Request an alpha key → open a Discussion, then add the config for your client:

Cursor (~/.cursor/mcp.json):

{
  "mcpServers": {
    "horizon": {
      "url": "https://horizon.leocelis.com/sse",
      "headers": { "Authorization": "Bearer YOUR_KEY_HERE" }
    }
  }
}

VS Code / GitHub Copilot (.vscode/mcp.json in your workspace):

{
  "servers": {
    "horizon": {
      "type": "http",
      "url": "https://horizon.leocelis.com/sse",
      "headers": { "Authorization": "Bearer YOUR_KEY_HERE" }
    }
  }
}

VS Code note: Use "servers" (not "mcpServers") and "type": "http" — VS Code tries Streamable HTTP first and falls back to SSE automatically, so "type": "http" works with the /sse URL.

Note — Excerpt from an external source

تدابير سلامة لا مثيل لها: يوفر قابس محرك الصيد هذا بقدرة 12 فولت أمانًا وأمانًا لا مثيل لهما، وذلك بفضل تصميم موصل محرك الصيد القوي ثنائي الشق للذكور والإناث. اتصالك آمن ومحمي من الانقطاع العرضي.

Claude Desktop (~/Library/Application Support/Claude/claude_desktop_config.json):

{
  "mcpServers": {
    "horizon": {
      "url": "https://horizon.leocelis.com/sse",
      "headers": { "Authorization": "Bearer YOUR_KEY_HERE" }
    }
  }
}

That's it. Reload your MCP client and three tools appear: new_conversation, process_turn, configure_session.

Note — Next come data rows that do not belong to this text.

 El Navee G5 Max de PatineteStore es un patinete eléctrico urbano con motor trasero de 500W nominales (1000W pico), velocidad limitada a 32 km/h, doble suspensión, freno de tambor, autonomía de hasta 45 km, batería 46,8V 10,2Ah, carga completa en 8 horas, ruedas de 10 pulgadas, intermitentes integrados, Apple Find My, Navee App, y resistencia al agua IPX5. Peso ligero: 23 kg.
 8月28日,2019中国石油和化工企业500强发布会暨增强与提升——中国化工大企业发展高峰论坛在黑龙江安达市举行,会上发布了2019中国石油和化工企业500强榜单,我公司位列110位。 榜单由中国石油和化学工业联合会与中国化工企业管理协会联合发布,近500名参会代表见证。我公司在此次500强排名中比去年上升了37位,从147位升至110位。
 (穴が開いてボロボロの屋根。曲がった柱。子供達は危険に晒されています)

Alpha access: Horizon's hosted endpoint is in private alpha. Keys are distributed to agent developers who want to monitor real projects. Open a Discussion to request one — describe your use case and we'll send a key.

Path 2 — pip install (library integration)

pip install horizon-monitor

Verify your install (exercises the full pipeline on 5 canonical scenarios, ~25s):

horizon-validate

Path 3 — MCP server from source

pip install 'horizon-monitor[mcp]'
horizon serve                             # stdio — for Cursor, Claude Desktop
horizon serve --transport sse --port 3847 # SSE — for web/team deployments

Add to ~/.cursor/mcp.json:

{
  "mcpServers": {
    "horizon": { "command": "horizon", "args": ["serve"] }
  }
}

Full Cursor and Claude Desktop setup guides: docs/integrations/

What it monitors

Standard observability tools evaluate individual response quality. Horizon evaluates conversation quality — a structurally different problem:

Tool	What it sees	What it misses
LangSmith, Braintrust	Latency, cost, per-response quality	Drift across turns
RAGAS, DeepEval	Faithfulness, relevance per turn	Temporal desync, cognitive load
Human raters	Subjective quality	Systematic structural decay
Horizon	Conversation dynamics	Intentionally nothing

Horizon does not replace per-response quality tools. It adds the dimension they all lack.

Quickstart

from horizon import FidelityMonitor
from datetime import datetime, timezone

monitor = FidelityMonitor()
session_id = monitor.new_conversation(metadata={"domain": "technical"})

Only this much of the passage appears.